The past advancements of African Americans have been one of great endeavors, suffering and victories. The descendants of the African Americans battled to defeat the obstacles that were placed before them. This journey was not an easy one. While the African Americans had issues, they overcame them and their journey has taken them from the slave house to the white house and has made substantial advancements from 1865 to now.

The time period from 1865-1876 for the African American had its difficulties. A turbulent factor that caused anxiety among the African Americans was the black codes. Each state authorized a number of laws, frequently replicating the old slave code that pertained only to the African Americans. (Davidson, DeLay, Heyrman, Lytle, Stoff, 2008 pg. 474)

Black codes were legislated by the ex-Confederate states after the Civil War to confine the freed slaves in order to maintain a low-cost agriculture labor and preserve a white hierarchy. The black codes did not begin with the down fall of the Confederacy. Before the Civil War, southern states passed Slave Codes to control the foundation of slavery. Additionally, northern non-slave states passed laws to limit black political power. As an example, Ohio, in 1804, passed laws forbidding free blacks immigrating into the state. In 1813, Illinois passed a law that banned free blacks from entering the state. Black codes obtained after the Civil War acquired elements that existed before the war and from the laws of the northern states that were used to control free blacks. (Black Codes 1865-66, 1999)

The black codes were basically annulled when the Radical Republican Reconstruction began in 1866-67. Several months later Congress presented to the states the Fourteenth Amendment, that expresses no state, should deny anyone life, liberty or property. (Andrew Johnson, n.d.) The legality of the black codes was brief; they are important enough to serve as antecedents to the Jim Crow laws among the whites and blacks. An example, Arkansas passed a law forbidding black children to go to school with children. Texas passed a law that required railroad companies to have a passenger car for the black passengers. (Black Codes 1865-66, 1999)

First, all black codes outlined the meaning of "person of color." Virginia determined that if an individual had one-fourth Negro blood that person was deemed a person of color. Georgia had a one-eighth. Tennessee clearly stated if anyone had any Negro blood at all than that person will be seen as a person of color. Second, the blacks could not vote, hold office or serve on juries. Third, they could not serve in state militias. Fourth, vagrancy laws went into effect. This law basically implied if an individual was unemployed or not owning property could be arrested as a vagrant. This law was not aimed at the blacks, but because most blacks lived at the poverty level they were arrested for vagrancy. (Racial Reconstruction, 1995) Once convicted of vagrancy, the person was hired out to private individuals or required to work public projects; they did not get paid for their labor. Fifth, labor contracts were controlled between whites and blacks. The blacks had the freedom to choose their jobs, but had to sign a contract that forced them to remain with that employer for one year. This prevented the blacks to accept a better paying job yet, gave the landowners cheap labor. Sixth, interracial marriages between whites and blacks were prohibited. (Black Codes 1865-66, 1999)

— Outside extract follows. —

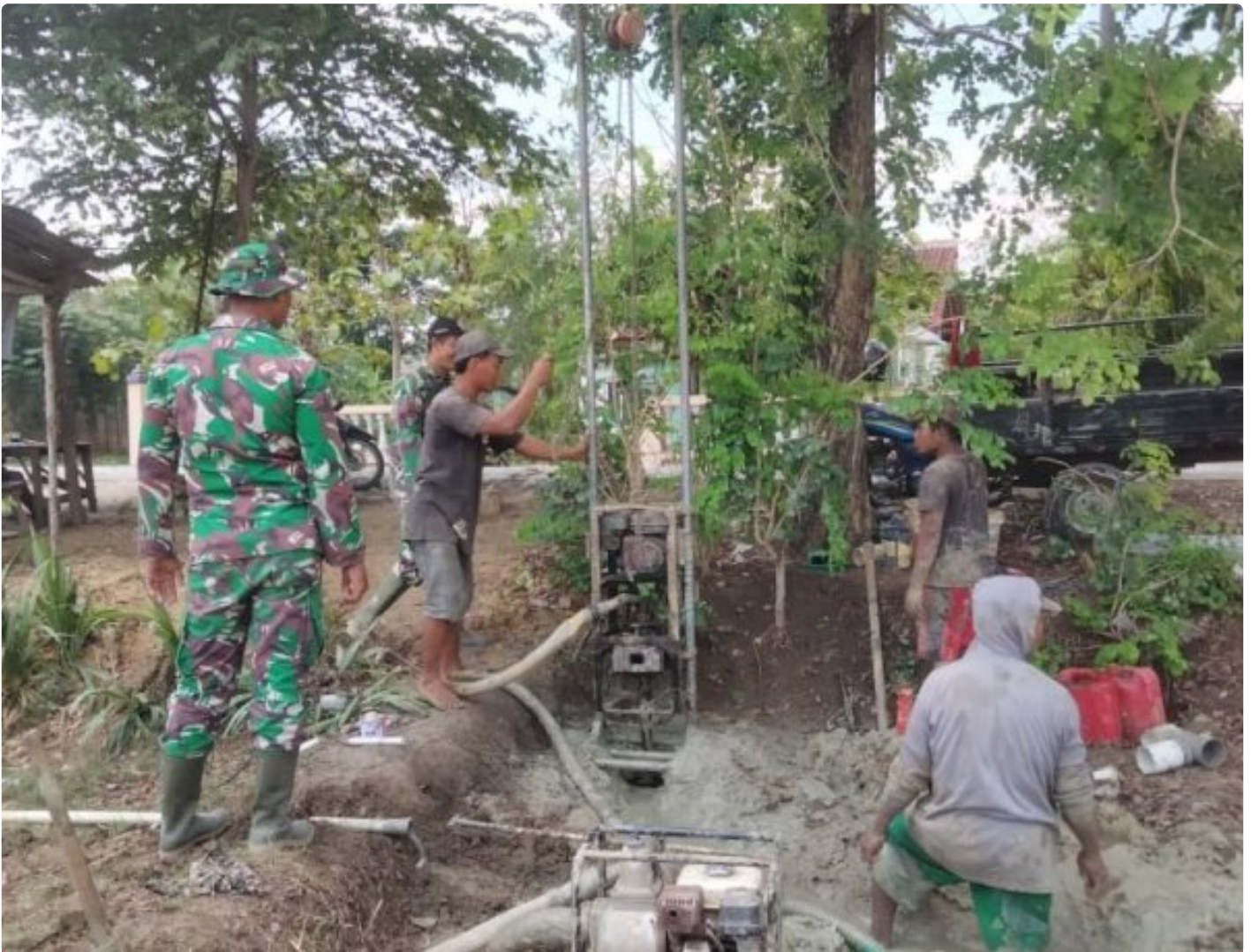
Foto: TNI Manunggal Air Bersih (TMAB) Program Unggulan Kepala Staf TNI Angkatan Darat (Kasad) Jenderal TNI Maruli Simanjuntak Menjadi Sasaran Tambahan Pada Pelaksanaan TMMD ke 122 tahun 2024 Kodim 0721/Blora di Desa Sidomulyo, Kecamatan Banjarejo, Kabupaten Blora Jawa Tengah, Rabau (2/10/2024).

BLORA - TNI Manunggal Air Bersih (TMAB) program unggulan Kepala Staf TNI Angkatan Darat (Kasad) Jenderal TNI Maruli Simanjuntak menjadi salah satu sasaran tambahan pada pelaksanaan program TMMD ke 122 tahun 2024 Kodim 0721/Blora yang berlangsung di Desa Sidomulyo, Kecamatan Banjarejo,

Emancipation presented religious challenges for northern and southern African Americans. The Civil War gave freedom to the enslaved, but the matter of business to organize religious communities was not the only thing that needed attention; a need to create a new life, to find lost family members to find employment and to comprehend the significance to live as citizens in the United States instead of being seen as property. (Maffly-Kipp, Laura, 2001)

The year of 1877 ushered in the Jim Crow racial system that existed mainly in the South.

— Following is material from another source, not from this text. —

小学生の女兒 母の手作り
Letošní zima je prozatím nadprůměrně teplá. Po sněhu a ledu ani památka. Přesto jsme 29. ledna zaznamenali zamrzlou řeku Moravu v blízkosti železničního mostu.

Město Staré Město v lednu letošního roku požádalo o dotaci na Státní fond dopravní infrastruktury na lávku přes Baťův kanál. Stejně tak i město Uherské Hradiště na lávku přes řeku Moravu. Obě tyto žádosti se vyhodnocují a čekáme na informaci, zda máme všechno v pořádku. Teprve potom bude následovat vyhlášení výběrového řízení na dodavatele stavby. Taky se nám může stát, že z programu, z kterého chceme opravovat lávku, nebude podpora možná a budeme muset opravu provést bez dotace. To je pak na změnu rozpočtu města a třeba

African Americans were seen as second class citizens. Basically, African Americans must be kept at the bottom of the racial hierarchy. There were Jim Crow etiquette rules that had to followed. A small example of the etiquette rules are: Blacks were introduced to Whites, never Whites to Blacks and the White motorist had the right of way at all intersections. Stetson Kennedy wrote the Jim Crow Guide, which offered simple rules for the Blacks to follow while talking to a White person. Again, small examples of these rules are: never curse at a White person and never make a comment about how a White female looks. The Jim Crow was humiliating to the Blacks and they resisted, often facing death for it. (Pilgrim, D., 2000)

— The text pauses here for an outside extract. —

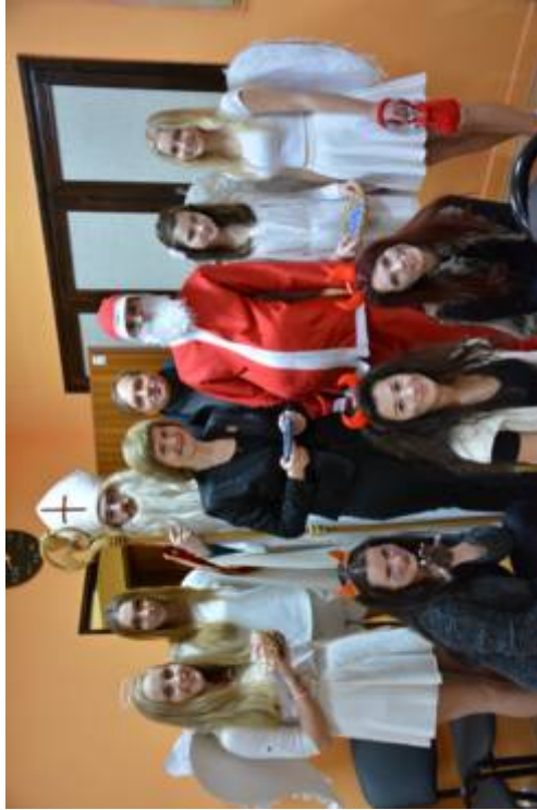
Mikuláš na GUAR

Neodmysliteľnou súčasťou zábavných aktivít Žiackej školskej rady na GUAR je aj návšteva Mikuláša. V príjemnej atmosfére, ktorú Mikuláš spolu s anjelmi a čertom vytvorí, sa v tento deň ľahšie učí.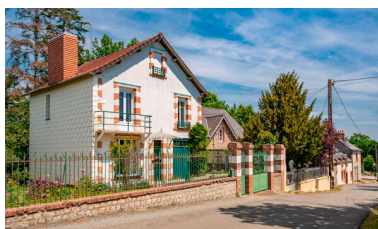
Ecart du Pont de Couterne, maison (ZE 108). IVR52_20235300857NUCA

In the years from 1877-1920 life for the African Americans began to make some

improvements. African Americans were attending white churches. Now free the African Americans began to organize their own place of worship with black preachers. Nearly half of the black members of the Methodist Church South left and in 1870 the Negro Baptist Church increased its membership. (Davidson, et al, 2008, pg. 483)

Within ten years the African Methodist Episcopal (AME) and the African Methodist Episcopal Zion (AMEZ) churches absorbed the southern membership by the thousands surpassing any other organization. In 1870, they were promptly joined by a new southern church, the Colored (now Christian) Methodist Episcopal Church that was founded by the original black leaders. Then in 1895, the black Baptists created the National Baptist Convention, an organization that is presently the largest black religious organization in the United States. (The Black Church, 2011)

In 1906, the nearly organized holiness movement was the beginning of Pentecostalism that would become an asset in the future. In that year, during a holiness revival at a Los Angeles church, those that attended said they were given the gifts from the spirit (speaking in tongue). This became a characteristic feature of Pentecostal worship. The holiness Pentecostalism began as multiracial that stressed equality before Christ, by World War I the racial lines had formed and the black Pentecostal church was born after being excluded by the whites. Towards the end of the twentieth century, black Pentecostal churches were led by the powerful Church of God in

Christ that became an important diversity of black religious variety in the United States. (Maffly-

Kipp, Laurie, 2004) Religion gave hope, their own identity.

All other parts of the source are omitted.